Still, no wins for Ducati heading into 2016. And with both Iannone’s and Dovizioso’s contracts up at the end of the year, there was a lot on the line for one of them to get ‘er done. If I told you Iannone got there first, you might believe me – but if I told you he got there first and got fired, it’d be a lot easier to accept, right? Right, well: Despite four podiums and a drought-breaking win for Ducati in Austria, Iannone also missed four races and DNF’d in six others. He finished ninth at the end of the year. Dovizioso was fifth.
Ducati called thrice world champ Lorenzo in and gave Iannone the boot, so Andrea headed off to Suzuki, which was slowly but steadily making progress in midfield. Partnering with Moto2 standout Alex Rins, he was expected to take on a lead role in the team for 2017. What happened instead? Iannone went virtually MIA for long durations, retiring five times, finishing out of the points four times, and never coming home higher than fourth; Rins, meanwhile, was injured on the sidelines for five races and still managed to finish just 11 points and three positions off at season’s end.
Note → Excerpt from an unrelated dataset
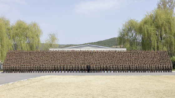 김정은동지께서는 조선인민혁명군창건일을 뜻깊게 맞이하는 려단의 전체 장병들을 사랑의 한품에 안으시고 건군사에 길이 남을 기념사진을 찍으시였다.

There was all sorts of talk regarding Iannone’s commitment, particularly at mid-season. As an employer or a sponsor or a fan or a member of the MotoGP press, you could take one look at his Instagram and pretty easily say, “Fuck this guy’s dedication. You know what’s cooler than a Vogue Italia spread? Beating the best guys in the world at work every other Sunday.” But as a mortal heathen who can afford to take a step back, I mean, look: You’re talking about a beautiful young Italian guy with money in the prime of his life, riding bikes around every other Sunday, dating Belen Rodriguez – what the fuck would you do if Vogue Italia called you up for a cover?
Word around the paddock is that Jorge Lorenzo is taking Iannone’s job again in 2019, so of course you know what that means: Andrea is riding for a contract he won’t be offered and, lo, after four races in 2018, he’s scored two fairly convincing podiums and is fourth overall. Lorenzo is 20th. Rins is 12th. Dovizioso is fifth.
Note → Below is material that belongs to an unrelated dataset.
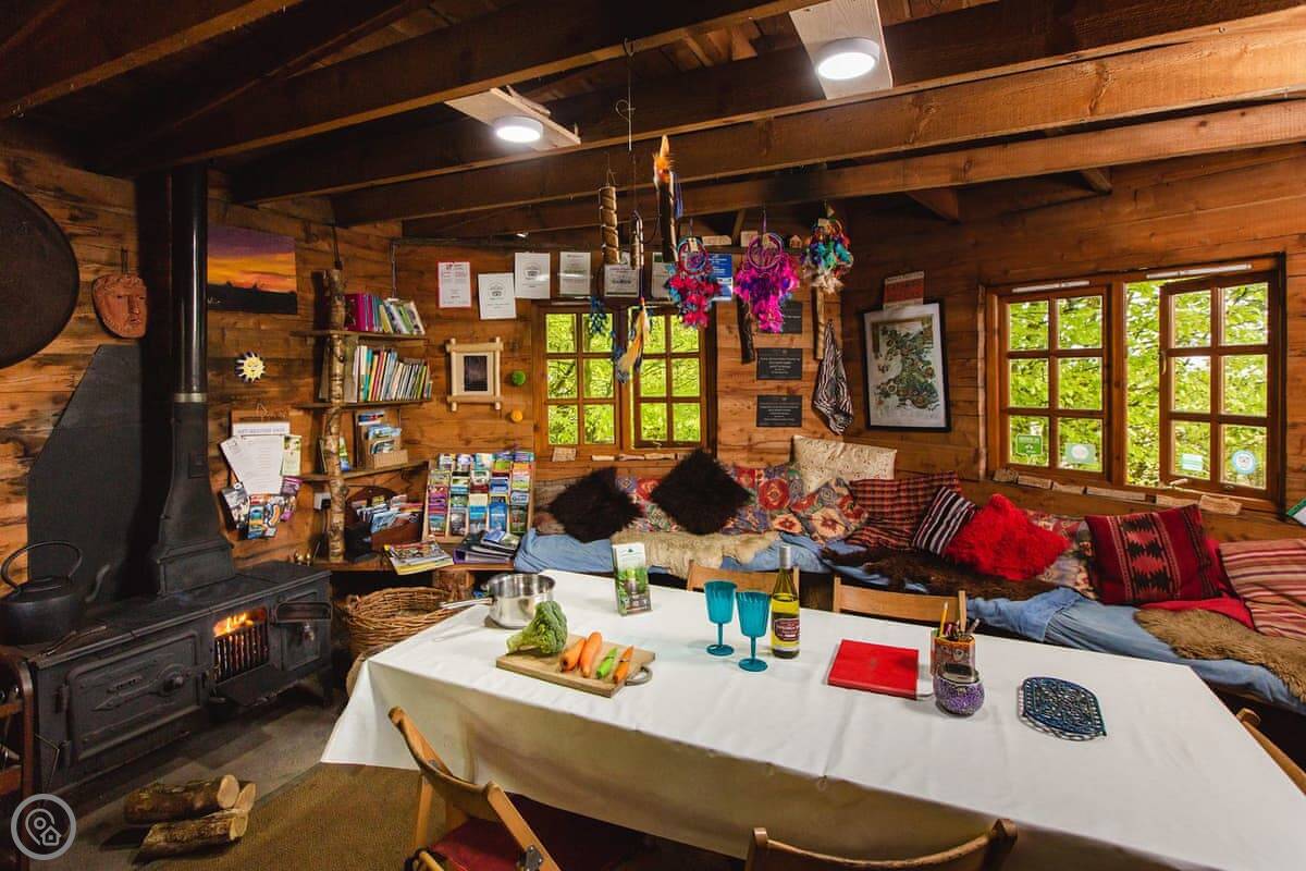 Outside, there's a fire pit for your use. The site has gardens and woodland to walk around. There's a play area for children and a big log cabin you can use if you want to eat with a bigger group.

It can’t last. But that’s not why I pull for him, really. I pull for Andrea Iannone because he doesn’t have the ability to transmogrify the way Marquez does. He doesn’t have the mythical contrails that follow Rossi around. He doesn’t have the steady, workmanlike success in him that Lorenzo, Dovizioso and Cal Crutchlow have shown. There is no MotoGP world championship in that bronzed Adonis of a body. There is nothing, in fact, but a desire to believe – because of the heaps of bodies borne on the Adriatic into a life of riding that could’ve gone any which way all the way up to the very top tier, you know whose body survived the blows? You know who made it? Andrea Iannone did. Andrea Iannone fucking made it. And if he made it this far…
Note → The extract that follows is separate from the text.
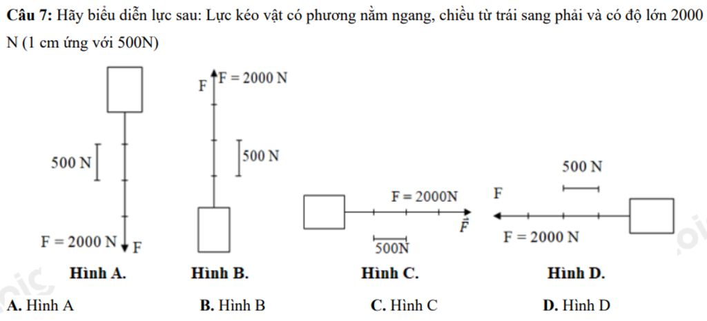 Ở hình C, có độ lớn là 2000N, chia đôi làm 4 tỉ xích bằng nhau, mỗi tỉ xích 1cm ứng với 2000N : 4 = 500N `=>` Chọn C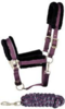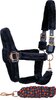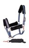 Luxe halsterset met mooi Equestrian Society logo op de neus,super zacht zwart faux fur onder kopstuk, bakstukken en neusriem. Verstelbaar op twee plaatsen, aan beide kanten van het kopstuk en aan de kaak. De gaatjes zijn voorzien van oogjes. Inclusief 2m touw 3-coloured.

…Well, what if it didn’t stop, you know? What if he wasn’t as human as the rest of us after all, as elite as Marquez or Rossi? What if he took that improbable step toward sporting immortality, toward heaven – and urged us to follow him? What if he really does just need the right package? Do you think it scares him as much as it might scare us to see it happen?
Fear and freedom are riddles only faith can solve. The search for a solution to either deal with that or not is just all of us down here fumbling around blindly for a feeling, and maybe it should feel ridiculous. But it should also feel meaningful, even if it’s just thinking about humanity and motorcycles or where God goes on a gown or what kind of heaven you’d have if you left this second – even if the only plan is just sitting around, counting rosary beads.